El gran Cuff permaneció completamente inmóvil y habló luego, sumido en una especie de rapto melancólico.

—¡Si este hombre —dijo el Sargento, refiriéndose aparentemente a mí—, entendiese siquiera de rosas, habría de ser la criatura más perfecta de la creación! —Luego de expresar en forma tan franca sus sentimientos hacia mí, suspiró y enlazó su brazo con el mío.

—Rosanna ha hecho una de estas dos cosas —prosiguió—. O bien se ha dirigido directamente hacia Frizinghall (antes de que pueda llegar yo allí) o ha ido a visitar su escondite en las Arenas Temblonas. La primera cosa que tenemos que averiguar consiste en saber cuál fue el criado que la vio por última vez antes de que abandonara la casa.

El interrogatorio demostró que la última persona que posó sus ojos sobre Rosanna fue Nancy, la muchacha de la cocina.

La había visto salir con una carta en la mano y detener al repartidor de la carne, quien acababa de hacer su entrega diaria por la puerta trasera. Nancy oyó que le decía al hombre que echara la carta al correo cuando regresase a Frizinghall. EL hombre, luego de fijarse en la dirección, le dijo que era una forma muy indirecta ésa de enviar una carta dirigida a Cobb's Hole a través del correo de Frizinghall... y que, además, era sábado, lo cual haría que la misma no llegase a destino antes del lunes a la mana. Rosanna le contestó que la demora no tenía importancia. Lo único que deseaba era estar segura de que el hombre cumpliría su pedido. Luego de asentir, aquél había partido. Nancy fue requerida en la cocina para seguir con su faena. Y ninguna otra persona había vuelto a ver a Rosanna Spearman desde entonces.

—¿Y bien? —le pregunté al Sargento cuando nos hallamos solos de nuevo.

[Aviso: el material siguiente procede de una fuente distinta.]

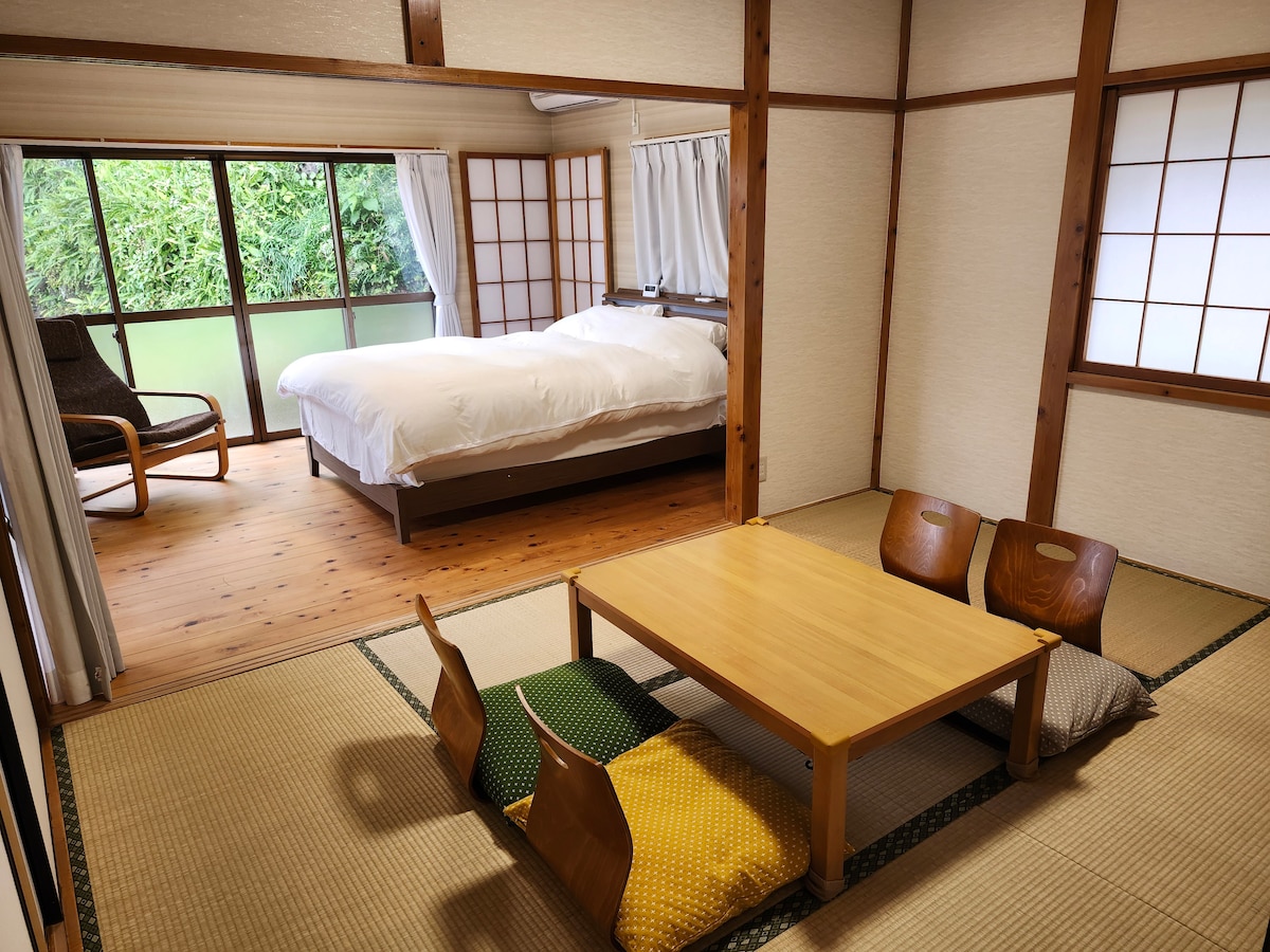 (日本語・English・Français・Español OK)こちらの宿泊先は、飲食店、スーパー、バス停、薬局、コインランドリー等ほぼ徒歩圏内です。底土海水浴場までは徒歩20分ほど。寝室は2つあり、一部屋はダブルベッド(140cm×200cm)、もう一つの部屋は和室でシングル布団を2枚敷くことができます。(施設内禁煙) Non-smoking detached house including two bedrooms: one with a double bed (140cm x 200cm), the other a Japanese-style room that can accommodate two single futons.Centrally located, within walking distance of restaurants, supermarkets, bus stops, pharmacy, and coin laundry. The popular Sokodo Beach is about a 20-minute walk away.

—Bien —dijo el Sargento—. Tengo que ir a Frizinghall.

—¿Por la carta, señor?

—Sí. En ella es donde se halla especificado el escondite. Tengo que averiguar la dirección en el correo.

Si es la que yo sospecho, habré de visitar nuevamente a nuestra amiga Mrs. Yolland, el lunes próximo.

Junto con el Sargento partí para ordenar que se enganchara el pony al calesín. En la cuadra, una nueva luz vino a sumarse en torno a la muchacha desaparecida.